[Stored items from a collection]
□ □ □ □ □

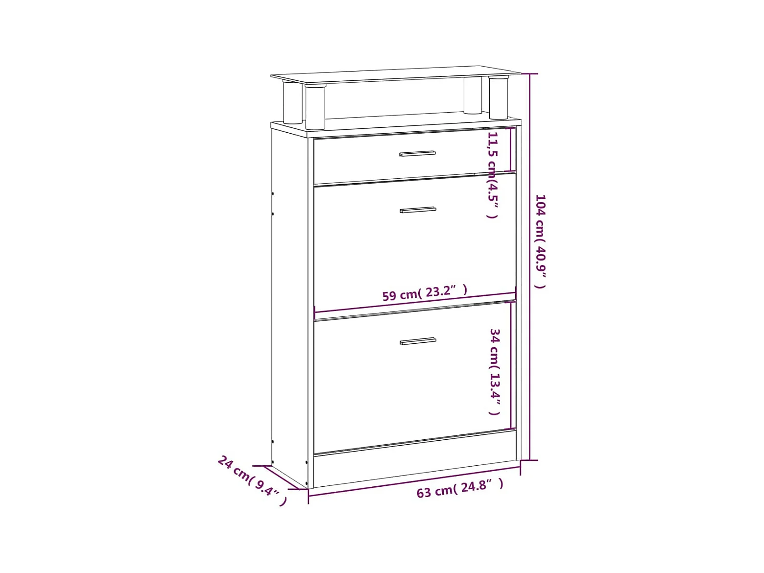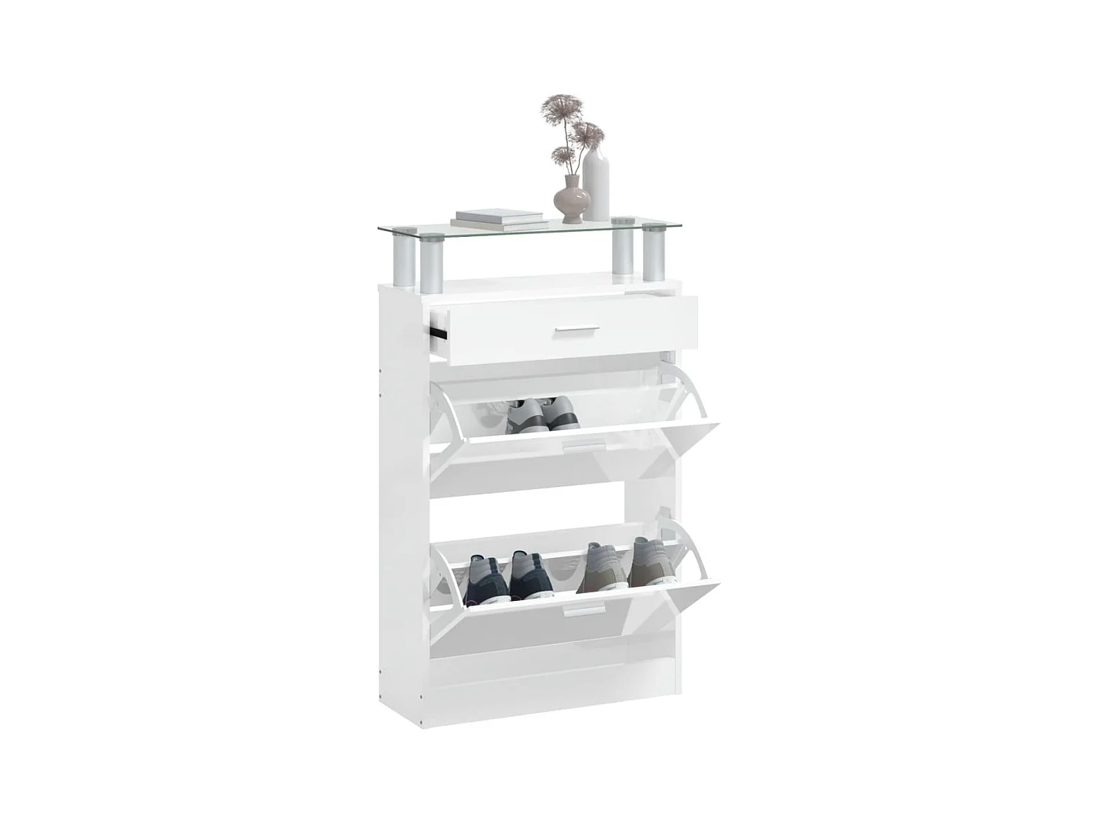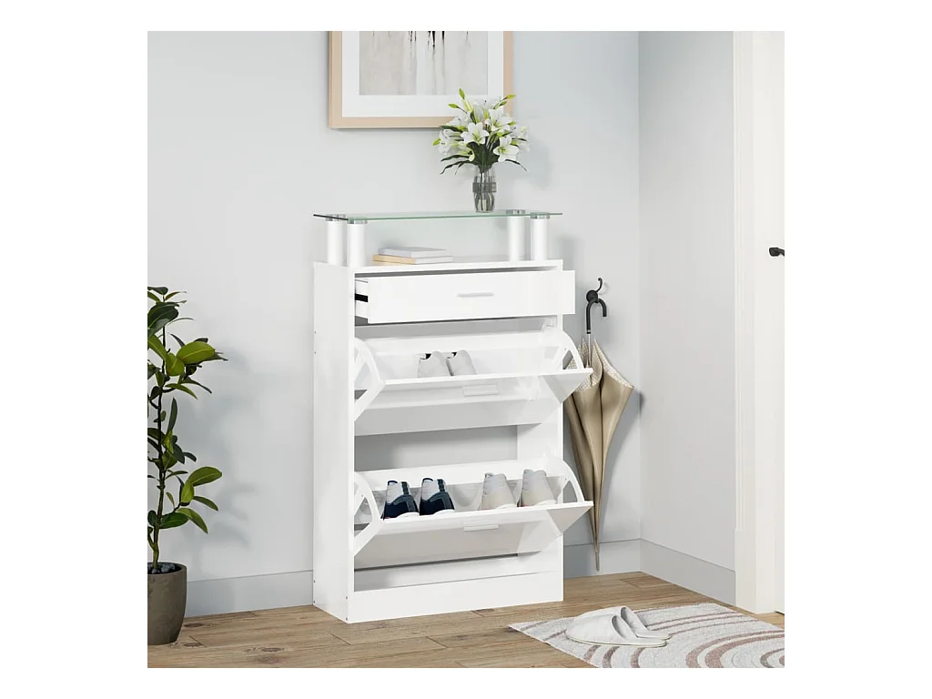 Scarpiera Bianco lucido 63x24x104 cm MDF
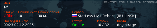 Играет на Counter Strike Global Offensive сервере. Страна: РоссияПервый раз замечен 23:21 23.11.2025
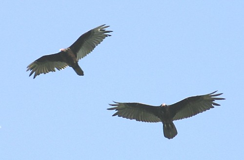 You will rarely see Turkey Vulture flying in the early morning, as they launch themselves from trees, cliffs, powerlines, barns and silos only after the morning air has warmed up. A Vulture will fly into a thermal uplift, ride it up in a wide circle, and then glide across the sky at speeds of up to 50 miles per hour gently falling until they reach the next thermal which they in turn ride up again -- repeating the process adinfinitum. On a good day, a Turkey Vulture can glide for four of five hours without flapping its wings.
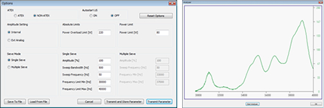 Using dedicated analysis software, the frequency range (30 kHz to 38 kHz) and the number of reciprocations (sweep frequency) up to 100 Hz can be adjusted in 1 Hz units. In addition, there are functions such as maximum output limit function, frequency analysis function, frequency setting when multiple converters are connected, and condition data storage management.
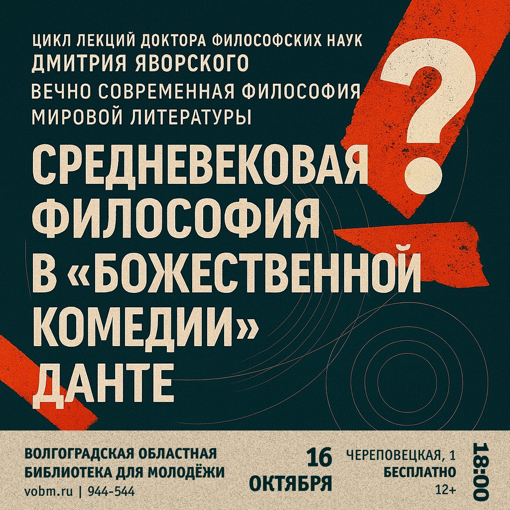 Волгоградская областная библиотека для молодёжи (ул. Череповецкая, 1) приглашает 16 октября в 18:00 на лекцию «Средневековая философия в «Божественной комедии» Данте».
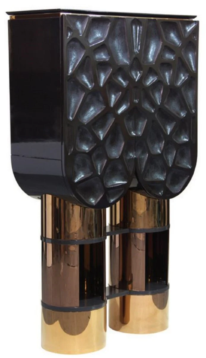 Casa Padrino armario bar de lujo marr¨®n oscuro alto brillo / oro mate 82 x 52 x A. 162 cm - Armario del vino con 2 puertas - Armario de sal¨®n - Armario de bar - Muebles de Hotel
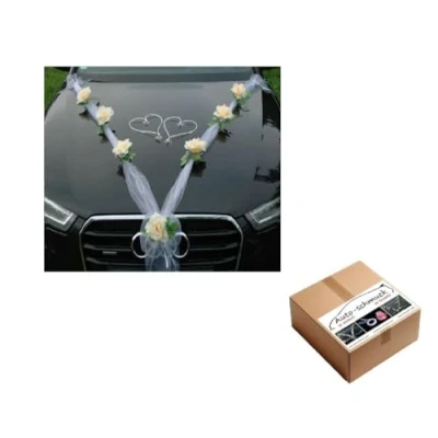 ORGANZA M + HERZEN Braut Paar Rose Deko Dekoration Autoschmuck Hochzeit Car Auto Wedding Ratan Girlande ®Auto schmuck PKW (Lemon/Weiß/Weiß)
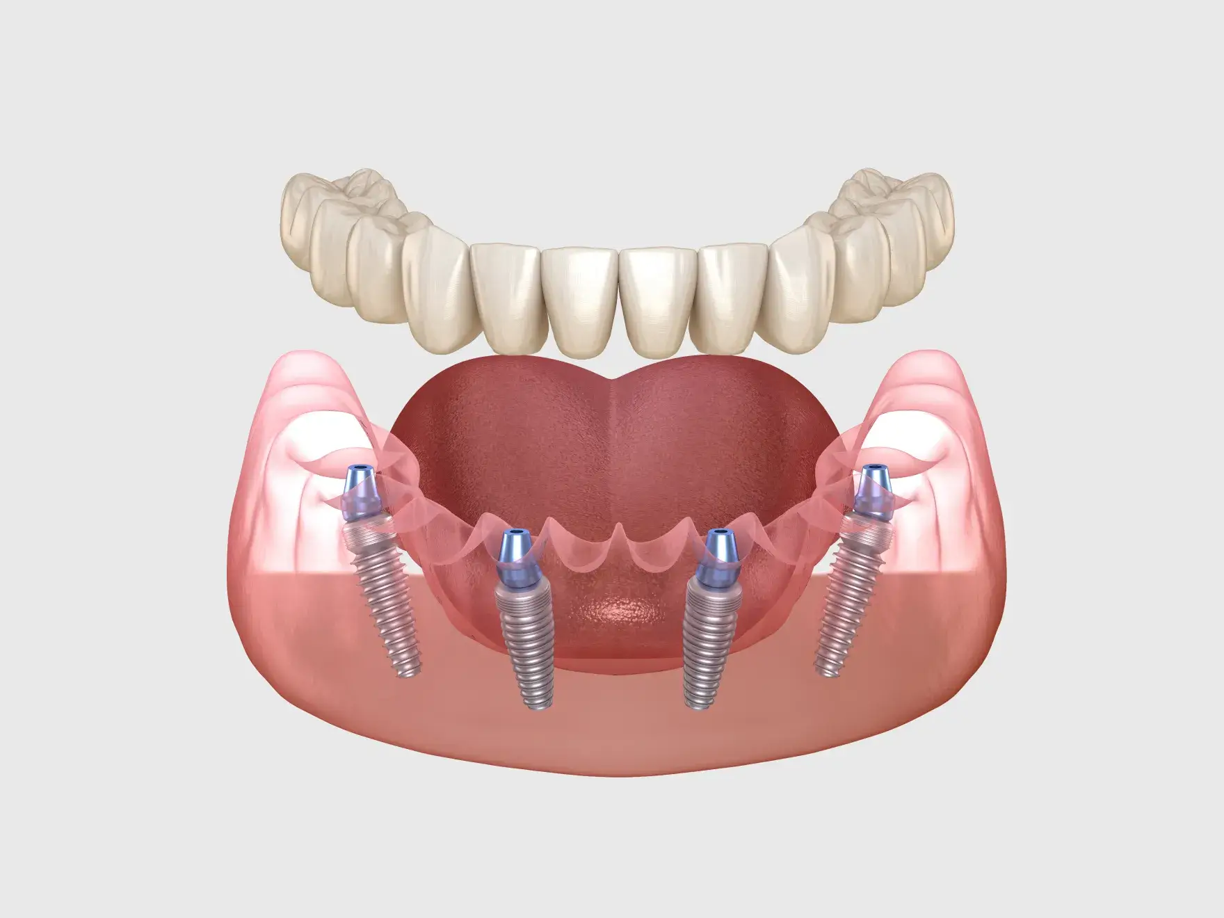 All-on-X is a category of full-arch implant treatment. The “X” stands for the number of implants used.
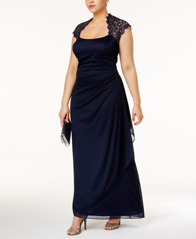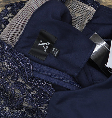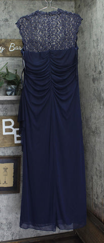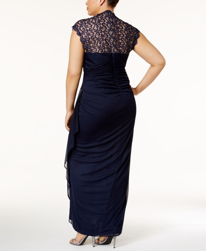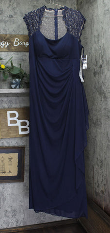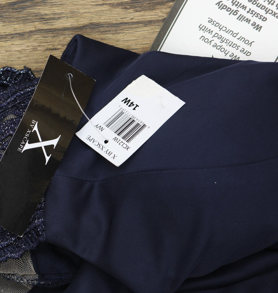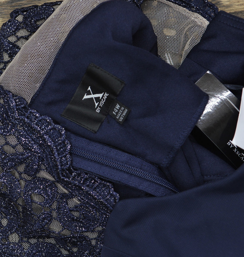 X By Xscape Plus Size Ruched Lace Gown Dress XC121W Navy Blue 14W
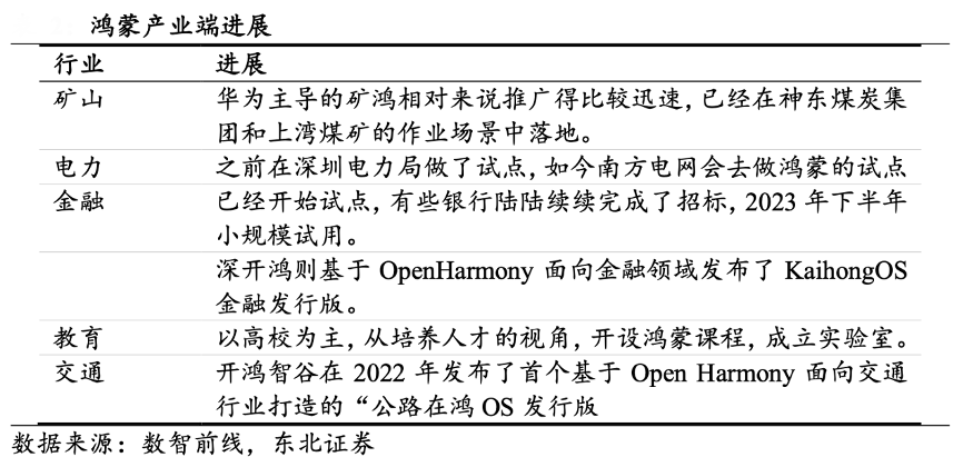 經(jīng)典案例:根據(jù)數(shù)智前線、東北證券等綜合資訊表明,鴻蒙在產(chǎn)業(yè)端的開拓與華為軍團(tuán)緊密配合。華為之前成立的十幾個軍團(tuán),也是鴻蒙進(jìn)展比較快的領(lǐng)域。2022 年,包括各大 ISV 在內(nèi)的第三方伙伴基于 Open Harmony 發(fā)布了 23 個特定行業(yè)的商業(yè)發(fā)行版,已有 79 款商用終端設(shè)備落地,擴(kuò)展到了教育、金融、交通、政務(wù)、工業(yè)等領(lǐng)域。
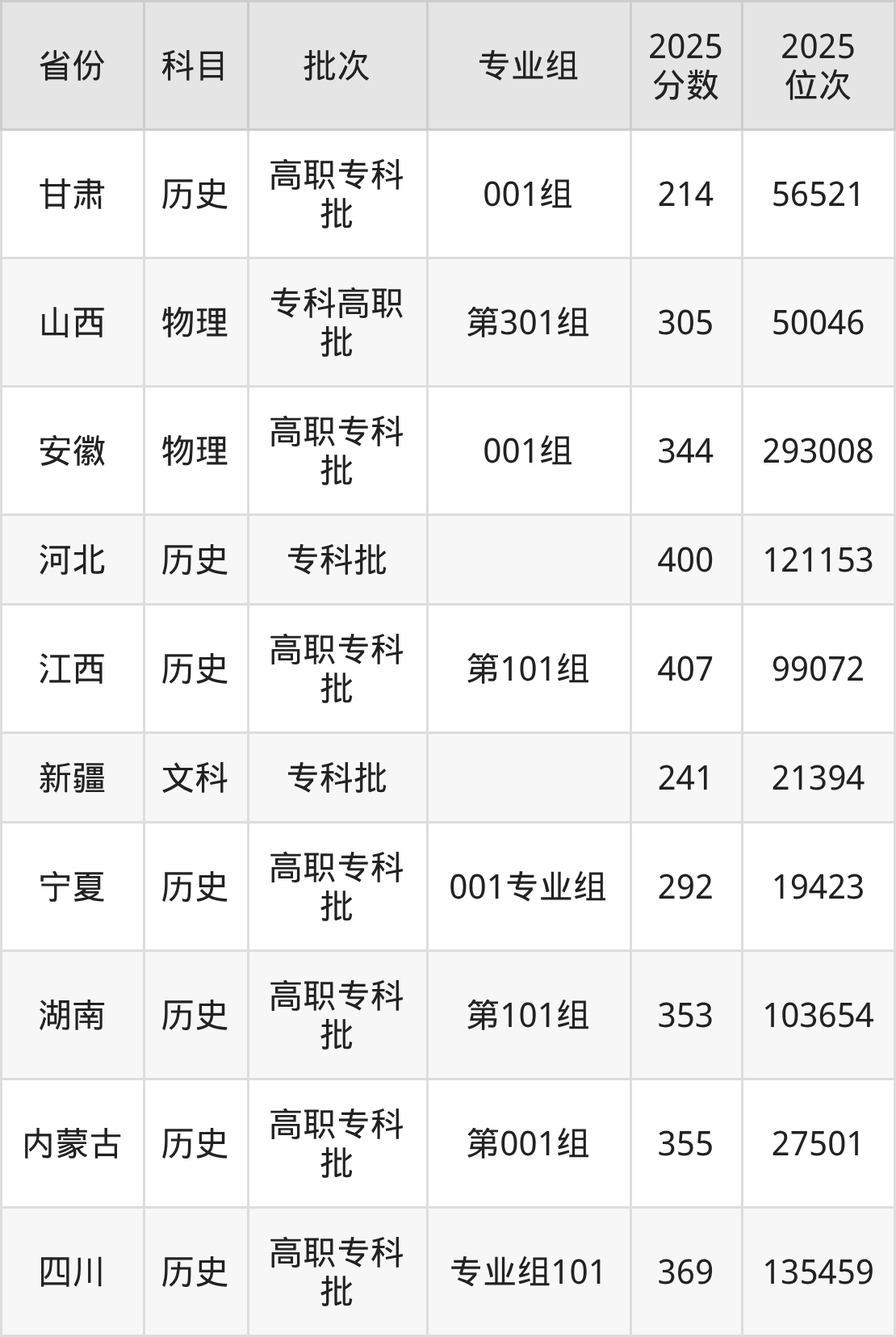 2025年在专科历史类进行招生,各专业组分数线详情如下:
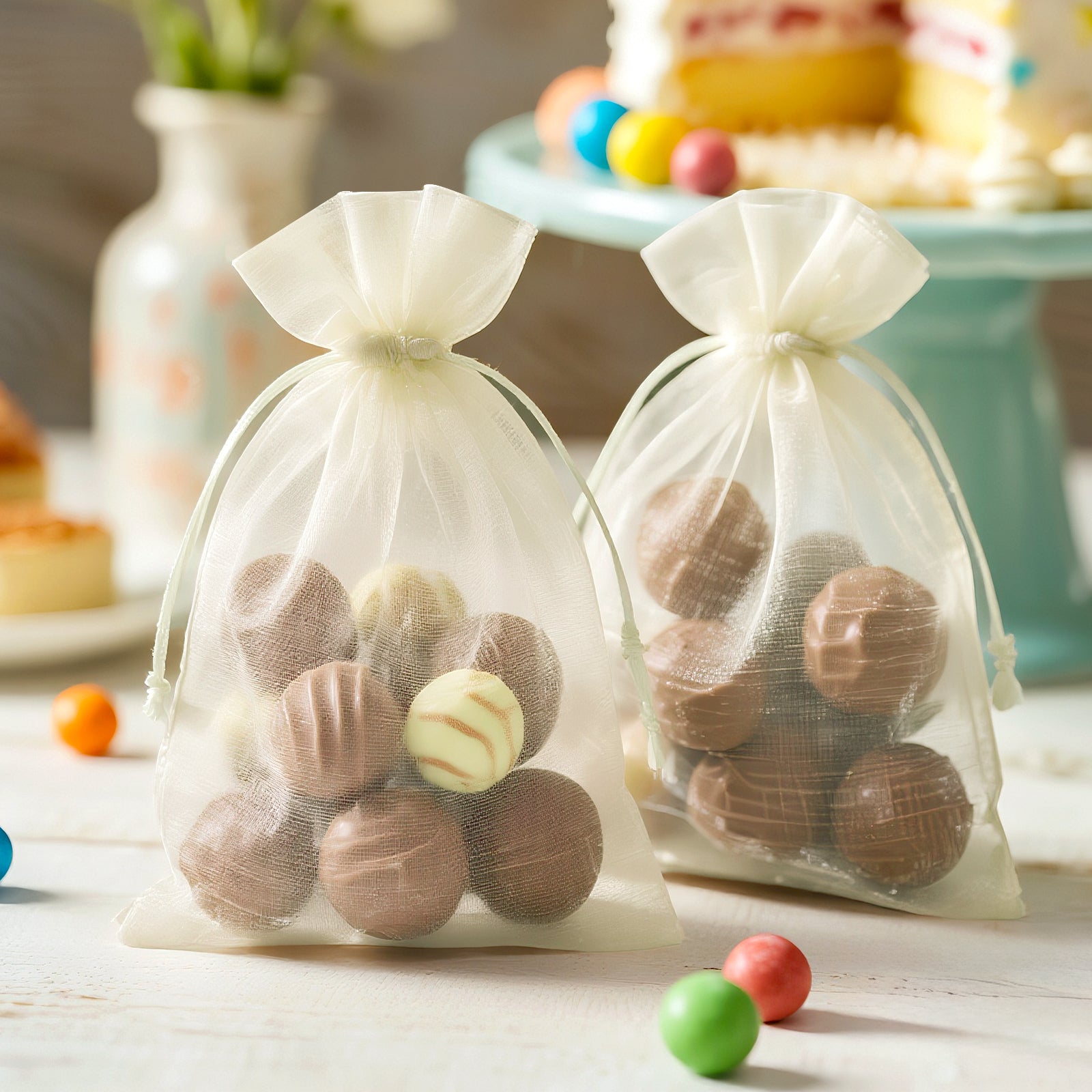- 【Holiday Organza Bags】:Solid ivory organza bags are perfect for holiday party favors, such as Halloween, Thanksgiving, Christmas, New Year, Easter, Valentine's, and other holiday. Sheer organza bags for candy, snacks, goodies, and small festival toys. Tulle bags are suitable for trick or treat candy bags, little gift bags.

□ □ □ □ □

## Task brief:
Starting with the line above that holds "ORGANZA M +", restate each line word for word up to and including the line that holds "X By Xscape". Drop the pictures.

## Response to this exercise:
 ORGANZA M + HERZEN Braut Paar Rose Deko Dekoration Autoschmuck Hochzeit Car Auto Wedding Ratan Girlande ®Auto schmuck PKW (Lemon/Weiß/Weiß)
 All-on-X is a category of full-arch implant treatment. The “X” stands for the number of implants used.
 X By Xscape Plus Size Ruched Lace Gown Dress XC121W Navy Blue 14W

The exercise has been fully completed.